Underprepared students are characterized by deficiencies that cause difficulties in achieving their college objectives (Frost, 1991). Some of them may know what field they want to study but are not academically ready to study it. Underpreparedness may be an adviser's first attribution on discovering a student's substandard academic performance in high school, low SAT or ACT test scores, or poor placement test results. Strommer (1995) points out the difficult task of accurately assessing these students' basic skill levels. However, an adviser must be sure that underprepared students remediate their deficiencies before attempting more challenging courses (Strommer, 1995). One may be tempted to draw a sharp line separating underprepared students from their better-prepared peers. However, Gray Spann, Spann, and Confer (1995) suggest that advisers look at background characteristics as a continuum. Underprepared students may not be as advanced as their peers on some measures but may be equally or more advanced on others. Advisers should assess a student's strengths as well as weaknesses and be prepared to suggest ways to capitalize on the former while diminishing the latter. These students need a helping hand with academic goal setting; moreover, they need an adviser who cares about their background and life plans (Gray Spann et al.).

Reasons for attending college, projected study hours, expected GPA, self-assessment of academic assets, weaknesses, and doubts; perceived affect as related to the anticipated college experience; and familial/spousal attitudes toward the student's academic plans. These data can reveal whether or not a student has a realistic outlook toward the demands of academic life (Hanson & Huston, 1995). One should avoid making hasty judgments based on this information. Still, self-reporting on these matters can fill in the gaps in an adviser's knowledge and even raise red flags. For example, a student may indicate that he or she is attending college primarily to please parents, does not have a spouse's backing, or is contemplating a demanding major but expecting to study only twelve hours per week. This information can guide an adviser in helping that student to avoid future difficulties.

An adviser might think it unnecessary to review honors students' reasons for attending or their apprehensions about college. However, Strommer (1995) reminds advisers to be alert to honors students' self-reported concerns about choice of institution, peer incompatibility, or an unchallenging experience ahead. Some honors students may face so many options that they have difficulty making plans; some may be as interested in learning itself as in preparing for graduate school.
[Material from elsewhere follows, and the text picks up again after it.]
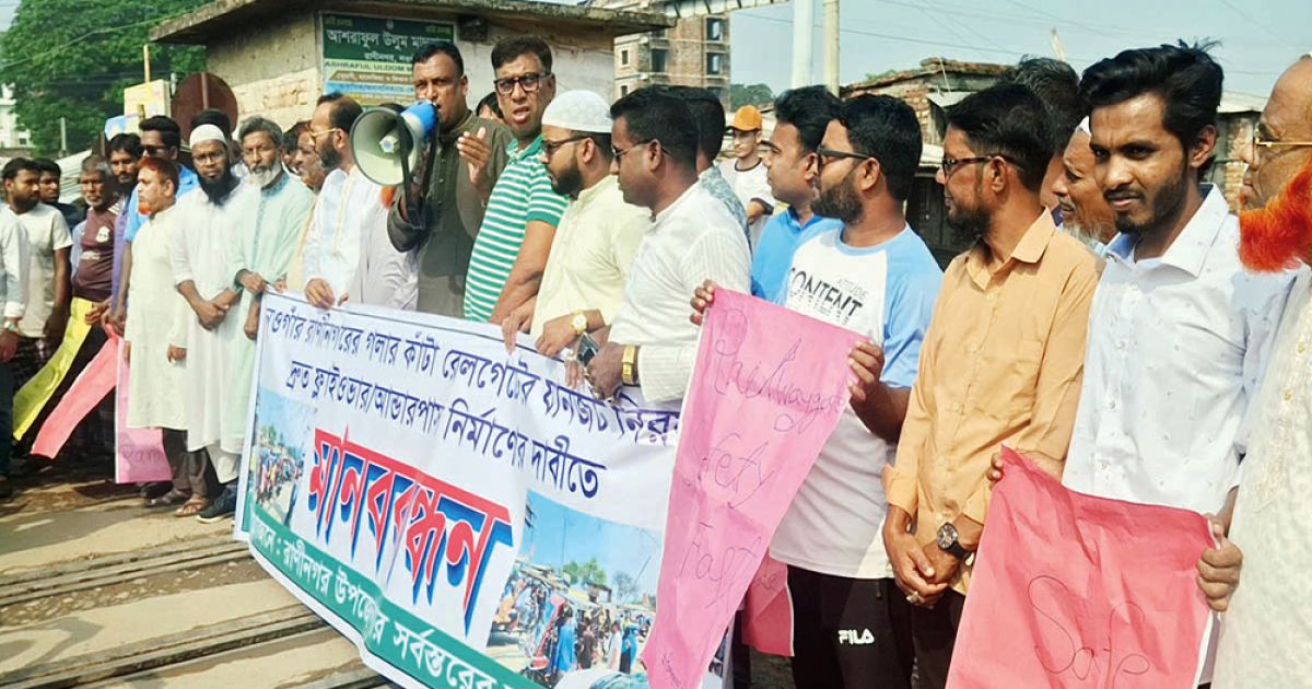 নওগাঁর রাণীনগরের গলার কাঁটা রেলগেটের যানজট নিরসনের লক্ষ্যে আন্ডারপাস কিংবা ফ্লাইওভার নির্মাণের দাবিতে উপজেলার সর্বস্তরের আমজনতারা মানববন্ধন করেছে। বৃহস্পতিবার উপজেলার রেলগেটে উপজেলার সর্বস্তরের মানুষের ব্যানারে ঘণ্টাব্যাপী এই মানববন্ধন অনুষ্ঠিত হয়।

An adviser who detects such concerns can prepare to encourage these students to set challenging educational goals from the start and help them to view their undergraduate experience holistically in order to take advantage of the opportunities offered for personal development (Strommer, 1995).

The prepared adviser heads into the first student contact with goodness aforethought, ready to pose questions relevant to the advisee's educational needs and to explain assessment results in a way that clarifies the student's institutional fit (White et al., 1995). The student will be impressed that a caring professional from his or her newly chosen community has already taken a personal interest, as evidenced by preparation. A trusting relationship that fosters genuine development is more likely to follow.

References

Bertram, R. M. (1996). The irrational nature of choice: A new model for advising undecided students? NACADA Journal, 16(2), 19–24.

Brown, T., & Rivas, M. (1995). Pluralistic advising: Facilitating the development and achievement of first-year students of color. In M. L. Upcraft & G. L. Kramer (Eds.), First-year academic advising: Patterns in the present, pathways to the future (pp. 121–137). Columbia, SC: University of South Carolina, National Resource Center for the Freshman Year Experience & Students in Transition.

Frost, S. H. (1991). Academic advising for student success: A system of shared responsibility. ASHE-ERIC Higher Education Report No. 3. Washington, DC: The George Washington University, School of Education and Human Development.

Gilbert, G. K. (2003, March 3). Breaking it down: Performing academic advising across the color line. The Mentor: An Academic Advising Journal, 5(1). Retrieved March 3, 2003, from http://www.psu.edu/dus/mentor/.

Gordon, V. (1995). Advising undecided first-year students. In M. L. Upcraft & G. L. Kramer (Eds.), First-year academic advising: Patterns in the present, pathways to the future (pp. 93–100). Columbia, SC: University of South Carolina, National Resource Center for the Freshman Year Experience & Students in Transition.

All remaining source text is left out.